But I will end what I have to say tonight on a different note. We do well indeed to be angry in such a cause, but there are things better and stronger than even righteous anger. It is better to convince men than to upbraid them. Let me then ask the Government and the noble Lords opposite this question, Can a measure which, if carried, must provoke the bitterest hostility and the deepest sense of injustice, conduce to the harmony and well-being of the nation? My Lords, look around. Do you think the world is in such a state that it can afford to dispense with the teachings of religion? What do you see on all sides, at home and abroad, in the political, the religious, the social world? What is the truth about the morality, not only of our great towns, but of our country districts? Can Wales itself afford to dispense with any influences that make for righteousness? What does the general unrest, which is so marked a feature of the present time, portend? What lesson should we learn from the growing neglect of duty and pursuit of pleasure? Surely the lessons of the Gospel were never more needed than now.
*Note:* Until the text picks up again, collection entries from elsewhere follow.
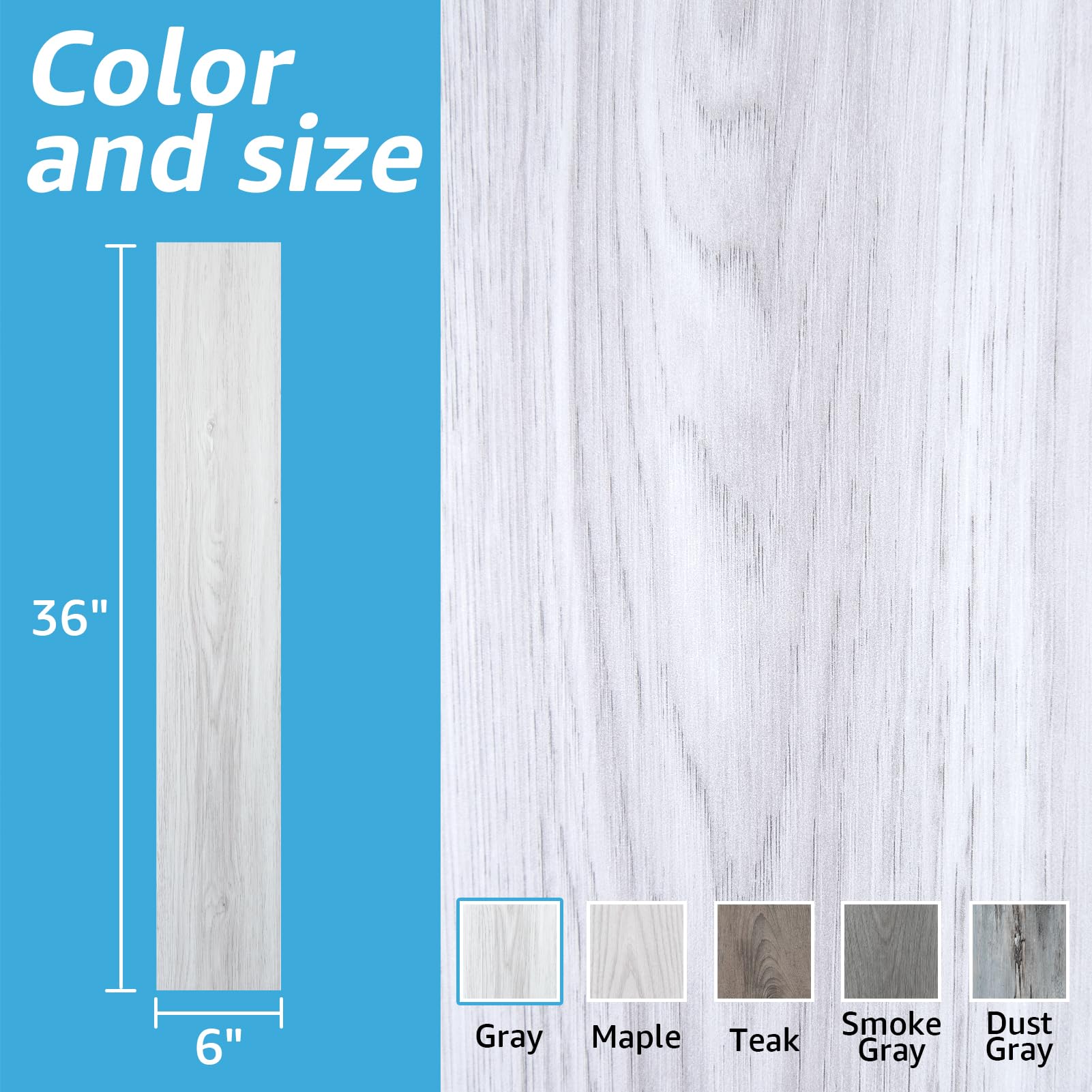 - 📌 Size: Self adhesive floor tiles the size of each piece is 36 x 6 inch. 10 pieces can cover 15 sq.ft.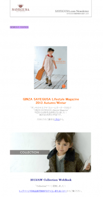 インターネットを活用したマーケティングソリューションを提案する株式会社エイジア(本社:東京都品川区、代表取締役:美濃 和男、以下 当社)は、子供服の企画・販売を行う株式会社ギンザのサヱグサ(本社:東京都中央区、代表者:三枝 亮、以下 ギンザのサヱグサ)様に提供したメール配信システム「WEBCAS e-mail」の導入事例インタビューを、本日公開いたしました。来年創業145年目を迎える同社は、お客様とのつながりをより深めるため、WEBCASで訴求力の高いHTMLメールを配信されています。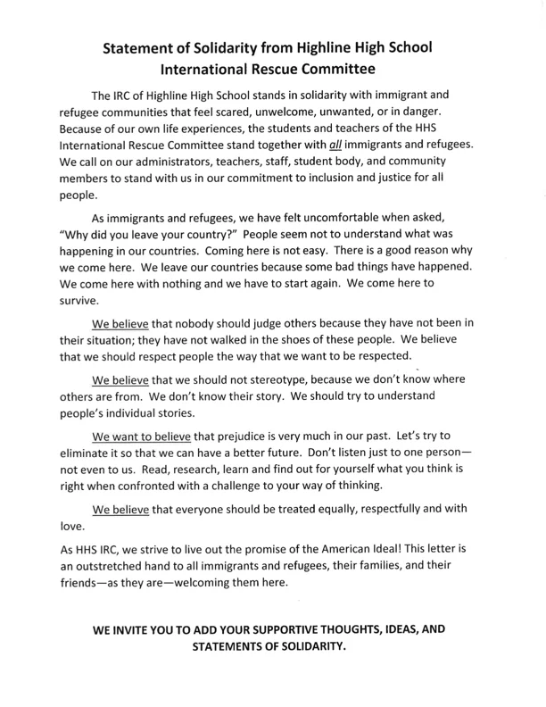 As is so often the case, I have found my greatest role models for tolerance and courage not in those who hold, or aspire to, positions of power, but rather in our very own Highline students. I want to share a Statement of Solidarity from the Highline High School Student International Rescue Committee. These remarkable students inspire and challenge each of us to "respect people the way that we want to be respected [and] strive to live out the promise of the American ideal." I encourage you to read and share this powerful, honest statement with your children, family and friends knowing it represents the best of who we are as a school system and community.
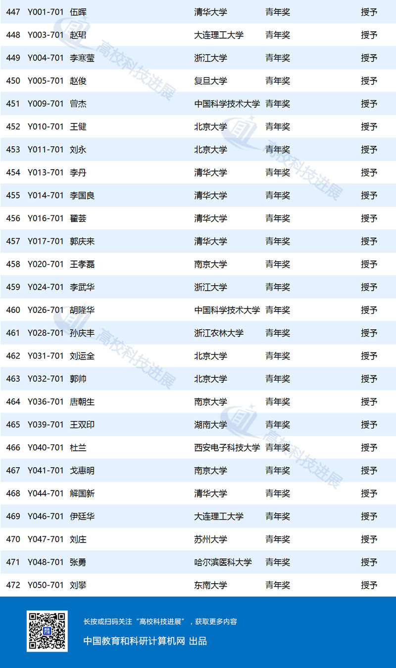 9月3日,教育部科技司通過(guò)教育部網(wǎng)站對(duì)外公示了2019年度高等學(xué)校科學(xué)研究?jī)?yōu)秀成果獎(jiǎng)(科學(xué)技術(shù))通訊評(píng)審?fù)ㄟ^(guò)項(xiàng)目和青年科學(xué)獎(jiǎng)人選,446個(gè)通用項(xiàng)目和26位青年科學(xué)獎(jiǎng)通過(guò)評(píng)審。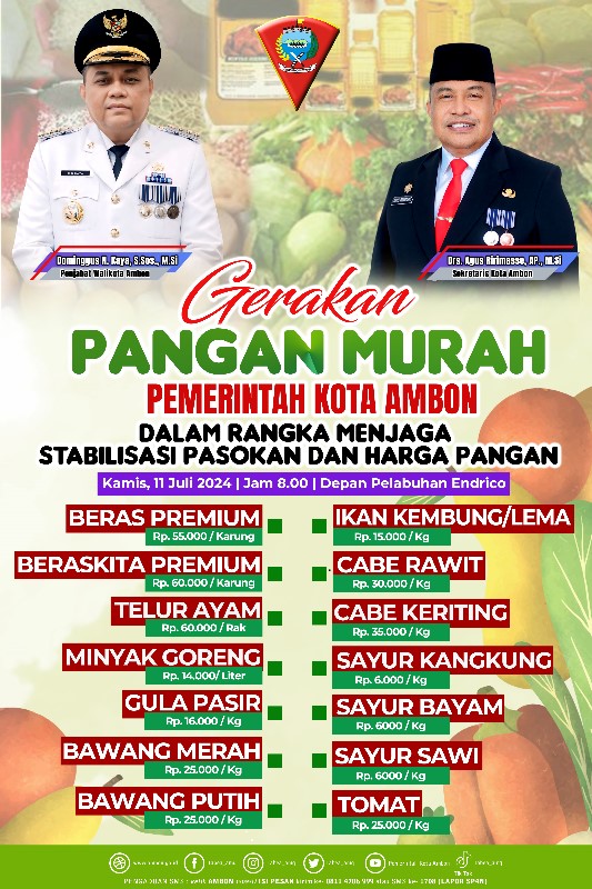 Ambon,MG.com- Besok, tepatnya Kamis 11 Juli 2024 Pemerintah Kota (Pemkot) Ambon akan menggelar Gerakan Pangan Murah (GPM), untuk menjaga stabilisasi Pasokan dan Harga Pangan bagi masyarakat.

What is the real strength of a nation? My Lords, the strength of a nation is the character of the individuals who compose it. There is no safety for a nation except in the character of the men and women who compose it. How is that character to be formed except by religion? What has the Emperor William been saying on this very subject in regard to Germany only the other day? Our only hope as individuals, our only hope as a nation, is in the religion of Jesus Christ. Is it open to doubt that in the estimation of the world, inside and outside our own borders, such a measure as the Disestablishment and Disendowment of the Church in Wales will be looked upon, if not as an attack upon, at least as a token of indifference to, Christianity itself? Everywhere such a measure will be welcomed by the enemies of Christianity; everywhere it will be regretted by those who believe that Christianity is the abiding hope of every nation. Have we the courage—I might call it another name—to say, after the history of more than twelve centuries, that we will now sever the connection which for all that time has subsisted between the Church of Christ and the nation? that we will trample underfoot all the principles which, so far as they have been observed, have been the cause of our prosperity and greatness, and turn our backs upon the Christian faith? My Lords, let us pray God to help us to avert so great a misfortune, for this is the very heart of the question. We pray morning by morning, evening by evening, "Thy Kingdom come." Can we lay our hands upon our hearts and say the Kingdom of God will be advanced by such a measure as this? That is the question we have all to ask ourselves. I think the question admits of but one answer, and that is the answer which is being given with no uncertain voice by innumerable meetings throughout the length and breadth of the country. What has happened in the House of Commons under the despotism which now reigns in that House is no indication of the mind of the country; and in the last resort, should this Bill be passed over the head of this House, it is my conviction that the voice of the nation will insist upon the King, as the ultimate guardian of the rights and liberties of his people, refusing his assent to such a measure until it has been referred to the electors and the country has had the opportunity of definitely expressing its mind upon it.

Further debate adjourned till To-morrow.

House adjourned at a quarter before Twelve o'clock, till To-morrow, half-past Ten o'clock.